## Required work
Nothing but an exact repeat of the data, with pictures removed, belongs in the answer.

## Dataset
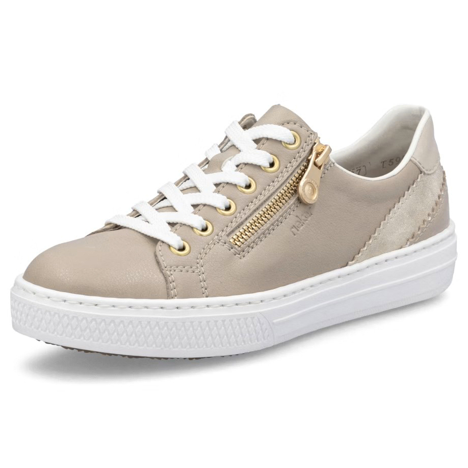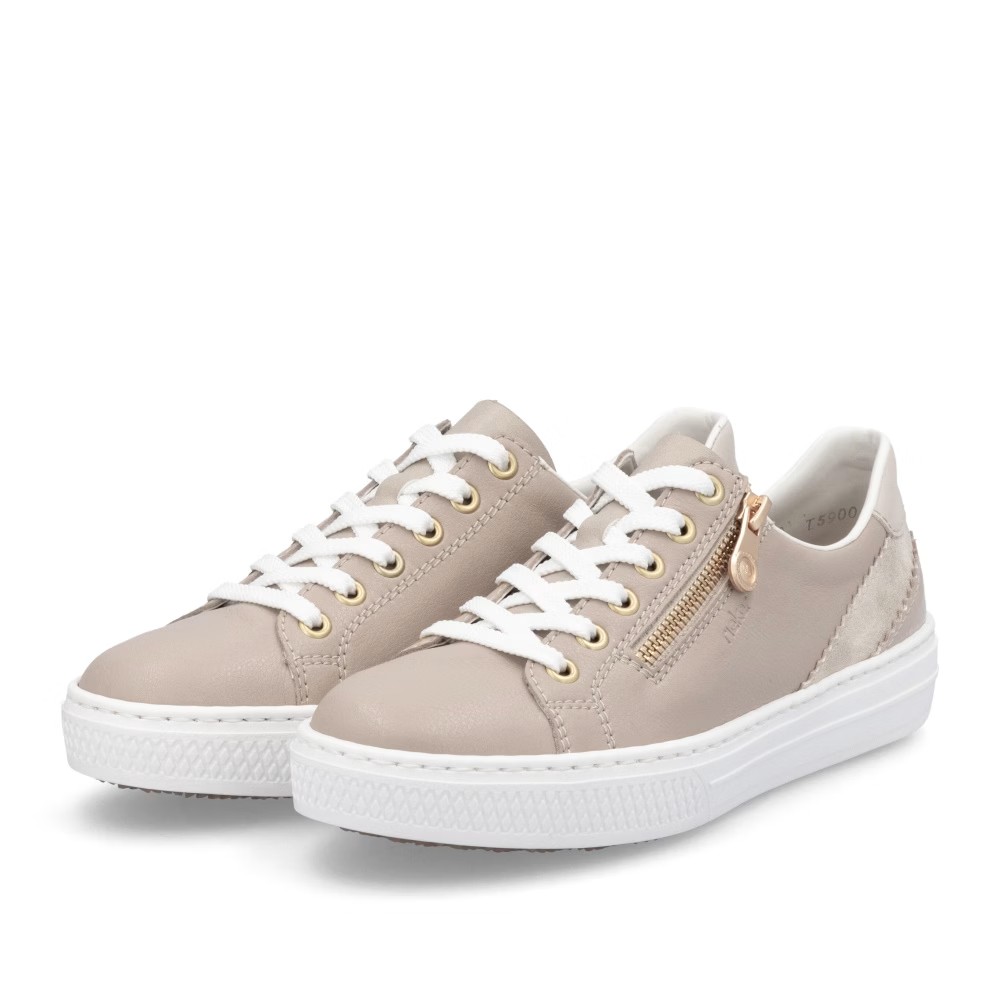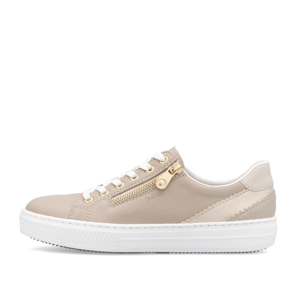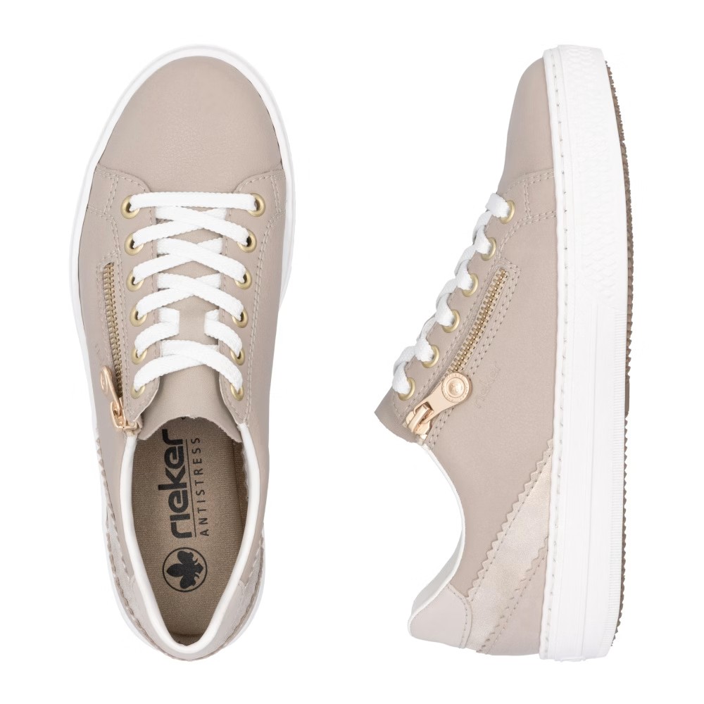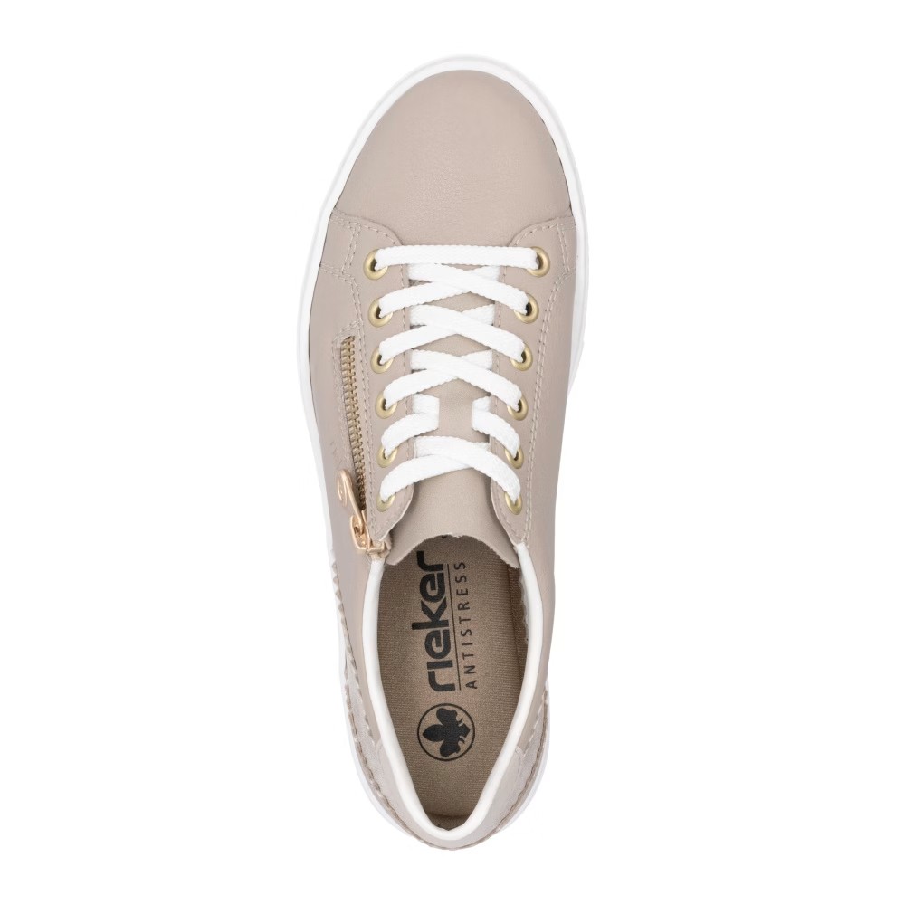 Stylové tenisky RIEKER v elegantním béžovém odstínu jsou dokonalým módním doplňkem pro každou ženu, která hledá spojení moderního vzhledu a maximálního pohodlí. Metalický prvek v oblasti paty dodává obuvi nádech luxusu, zatímco decentní logo značky RIEKER podtrhuje vysokou kvalitu provedení. Praktické nazouvání usnadňuje zip umístěný na nártu, zatímco šněrování zajistí individuální přizpůsobení a pevné držení chodidla. Stabilní podešev poskytuje potřebnou oporu při chůzi a zajišťuje bezpečnost na různých typech povrchů. O váš celodenní komfort se postará inovativní stélka MemoSoft z paměťové pěny, která se dokonale přizpůsobí tvaru nohy a poskytne měkký došlap. Tyto tenisky jsou ideální volbou pro každodenní nošení, ať už do práce, na procházku nebo na volnočasové aktivity. Technologie: Antistress – inovativní podešev s lehkým, pružným a prostorným designem, která absorbuje nárazy a zajišťuje pohodlnou chůzi. MemoSoft – speciální stélka z paměťové pěny, která změkčuje došlap a přizpůsobuje se tvaru chodidla.
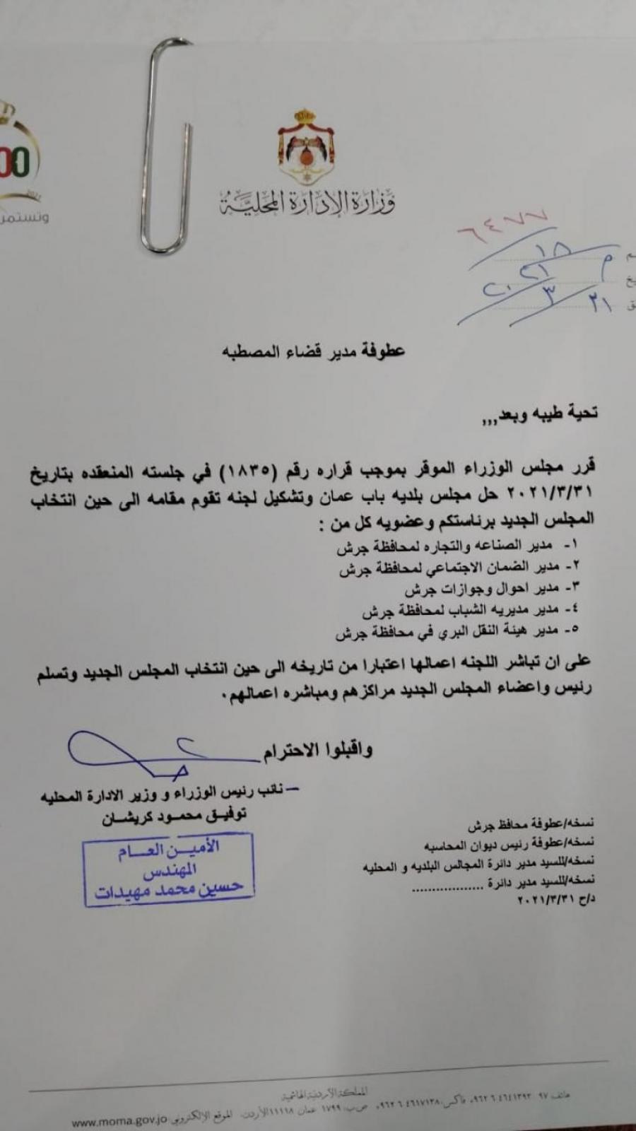 قررت وزارة الادارة المحلية الأربعاء، تكليف لجان مؤقتة لادارة بلديات
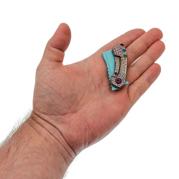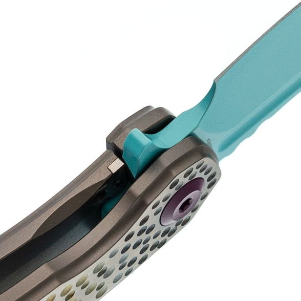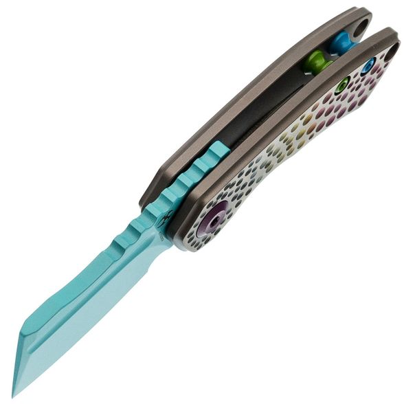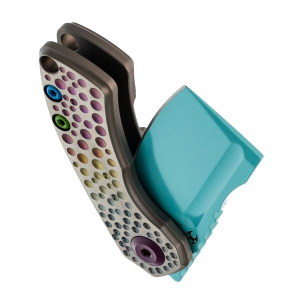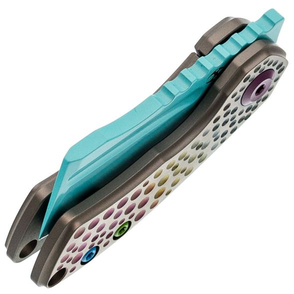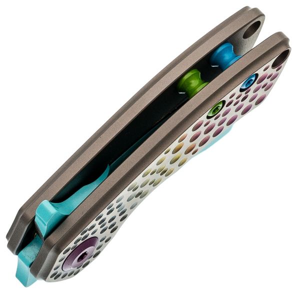 Клинок выполнен из высококачественной стали S35VN, известной своей твёрдостью, стойкостью к износу и стабильной режущей кромкой. Рукоять изготовлена из титана с анодированными выемками, что не только улучшает сцепление, но и придаёт ножу характерный футуристичный вид. Материалы подобраны с прицелом на долговечность и комфорт в использовании.
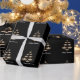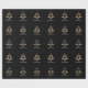 Julomslag papprare med åtta gula, fyrpunktsformade krona i en Julgran utskrift med en liten champagne färgad stjärna. God jul text nedanför krona träd. Guld, Champagne och White på svart bakgrund.
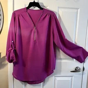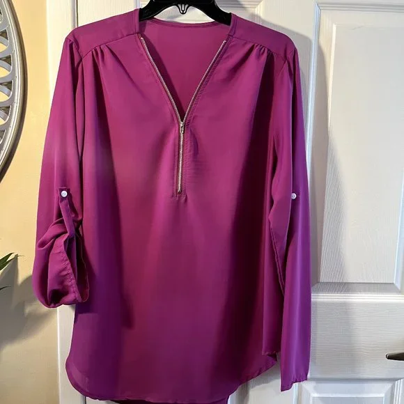 Pink Blouse with gathered sleeves, zipped neckline
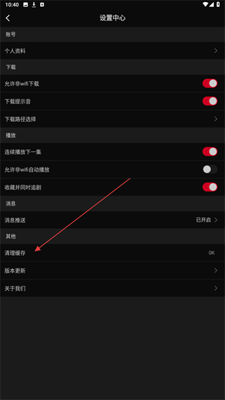 3、进入设置中心的界面内,找到并点击清理缓存的按钮。
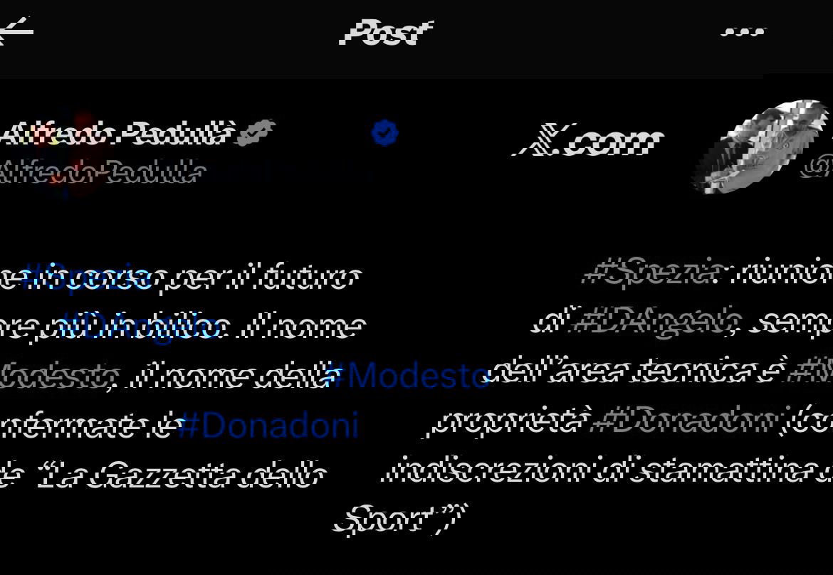 Lo Spezia cambia guida tecnica e si appresta ad annunciare l’esonero di Luca D’Angelo e l’arrivo di Roberto Donadoni. Ieri vi avevamo raccontato con un tweet che la proprietà stava decidendo per la svolta, con una riunione a sorpresa, malgrado alcune ricostruzione mediatiche avessero già data per scontata la conferma dell’allenatore “per la buona prestazione di Monza”. In realtà il destino di D’Angelo era già segnato da tempo, aveva salvato la panchina vincendo ad Avellino, avrebbe dovuto dare continuità di risultati contro Padova e Monza, invece nulla. Lo Spezia riparte da Roberto Donadoni, possibile contratto fino al 30 giugno 2028, una scelta del presidente Stillitano che aveva conosciuto l’ex commissario tecnico quando era ancora un calciatore e stava maturando le ultime esperienze a New York, storia di quasi 30 anni fa. La proprietà ha assunto una posizione diversa rispetto all’area tecnica che aveva proposto prima Pagliuca e poi Modesto. L’esordio di Donadoni è previsto venerdì contro il Bari, l’ultima sua esperienza in panchina risale al 2020 quando fu esonerato dai cinesi dello Shenzhen.

## Solution
 Stylové tenisky RIEKER v elegantním béžovém odstínu jsou dokonalým módním doplňkem pro každou ženu, která hledá spojení moderního vzhledu a maximálního pohodlí. Metalický prvek v oblasti paty dodává obuvi nádech luxusu, zatímco decentní logo značky RIEKER podtrhuje vysokou kvalitu provedení. Praktické nazouvání usnadňuje zip umístěný na nártu, zatímco šněrování zajistí individuální přizpůsobení a pevné držení chodidla. Stabilní podešev poskytuje potřebnou oporu při chůzi a zajišťuje bezpečnost na různých typech povrchů. O váš celodenní komfort se postará inovativní stélka MemoSoft z paměťové pěny, která se dokonale přizpůsobí tvaru nohy a poskytne měkký došlap. Tyto tenisky jsou ideální volbou pro každodenní nošení, ať už do práce, na procházku nebo na volnočasové aktivity. Technologie: Antistress – inovativní podešev s lehkým, pružným a prostorným designem, která absorbuje nárazy a zajišťuje pohodlnou chůzi. MemoSoft – speciální stélka z paměťové pěny, která změkčuje došlap a přizpůsobuje se tvaru chodidla.
 قررت وزارة الادارة المحلية الأربعاء، تكليف لجان مؤقتة لادارة بلديات
 Клинок выполнен из высококачественной стали S35VN, известной своей твёрдостью, стойкостью к износу и стабильной режущей кромкой. Рукоять изготовлена из титана с анодированными выемками, что не только улучшает сцепление, но и придаёт ножу характерный футуристичный вид. Материалы подобраны с прицелом на долговечность и комфорт в использовании.
 Julomslag papprare med åtta gula, fyrpunktsformade krona i en Julgran utskrift med en liten champagne färgad stjärna. God jul text nedanför krona träd. Guld, Champagne och White på svart bakgrund.
 Pink Blouse with gathered sleeves, zipped neckline
 3、进入设置中心的界面内,找到并点击清理缓存的按钮。
 Lo Spezia cambia guida tecnica e si appresta ad annunciare l’esonero di Luca D’Angelo e l’arrivo di Roberto Donadoni. Ieri vi avevamo raccontato con un tweet che la proprietà stava decidendo per la svolta, con una riunione a sorpresa, malgrado alcune ricostruzione mediatiche avessero già data per scontata la conferma dell’allenatore “per la buona prestazione di Monza”. In realtà il destino di D’Angelo era già segnato da tempo, aveva salvato la panchina vincendo ad Avellino, avrebbe dovuto dare continuità di risultati contro Padova e Monza, invece nulla. Lo Spezia riparte da Roberto Donadoni, possibile contratto fino al 30 giugno 2028, una scelta del presidente Stillitano che aveva conosciuto l’ex commissario tecnico quando era ancora un calciatore e stava maturando le ultime esperienze a New York, storia di quasi 30 anni fa. La proprietà ha assunto una posizione diversa rispetto all’area tecnica che aveva proposto prima Pagliuca e poi Modesto. L’esordio di Donadoni è previsto venerdì contro il Bari, l’ultima sua esperienza in panchina risale al 2020 quando fu esonerato dai cinesi dello Shenzhen.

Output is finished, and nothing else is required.